Furthermore, Defendant B did not lend KRW 4 million to E on August 2, 2002.
E fully repaid the above 7 million won, Defendant A lent 4,540,000 won to a person who is not a face-to-face loan but a face-to-face loan (Evidence No. 28) and was not repaid, and submitted to civil procedure by forging the loan certificate (Evidence No. 28).
The above loan certificate is different from the loan certificate (Evidence No. 25 of the evidence record) kept by E, and is written by another written body.
There is no credibility in light of the fact that the book book that seems consistent with the Defendants’ assertion is highly likely to be altered by Defendant A.
Therefore, the judgment of the court below which acquitted each of the facts charged of this case is erroneous in misconception of facts.
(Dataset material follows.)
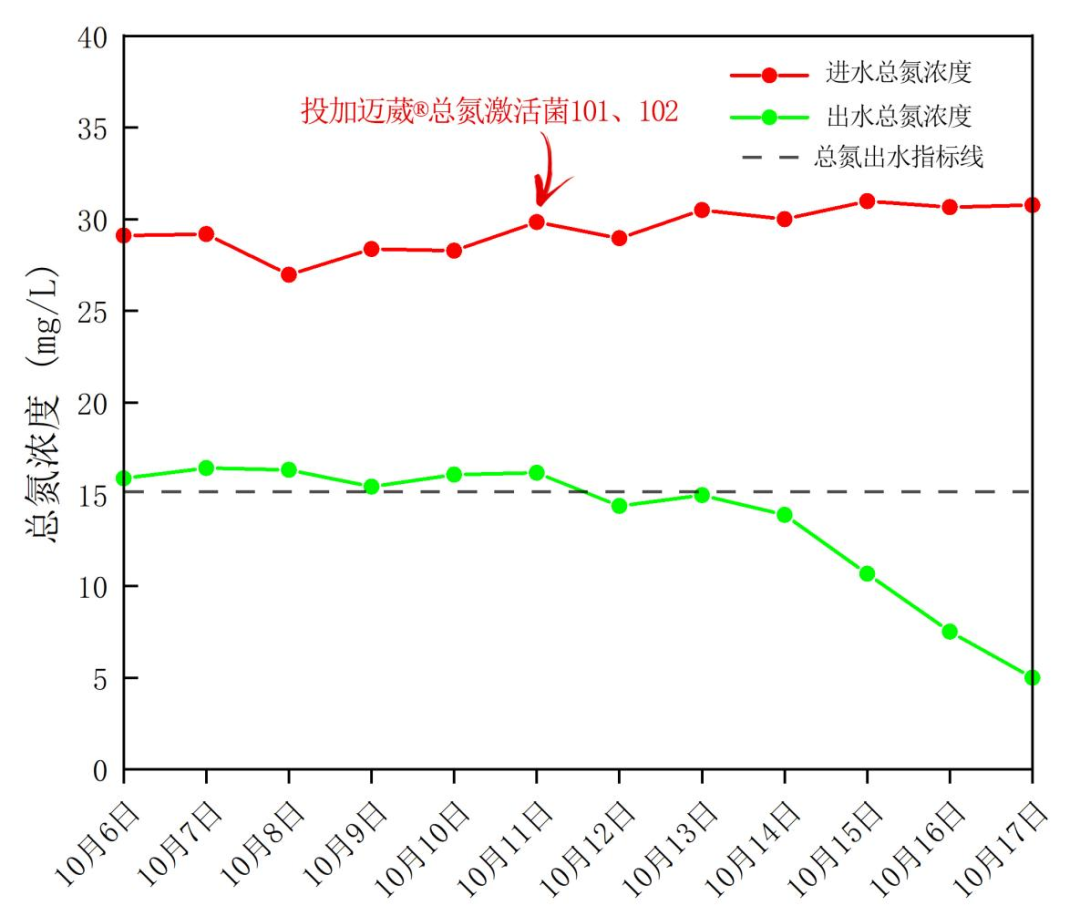 邁葳®總氮激活菌101、102顯著提升生化系統反硝化及耐低溫能力,出水總氮穩定<10mg/L。

2. The following circumstances cited by the court below in light of the facts and records revealed by the court below, i.e., (1) 50,000 won (the principal amount of KRW 4,700,000) paid by the F on behalf of E around August 1, 2006, when considering the entries in the book, i.e., the principal amount of KRW 4,540,000,000 (the principal amount of KRW 3.80,000,000) that Defendant B lent to E around August 1, 2002, not the principal amount of KRW 4,50,000,00,000, the principal amount of the loan, which Defendant B lent to E, is difficult to view that the loan certificate submitted by Defendant A in a civil lawsuit, and the seal affixed to E is recognized by the E (E). However, it is difficult to believe that Defendant A had the same reason in light of the fact that the loan certificate was forged, and the above assertion was insufficient.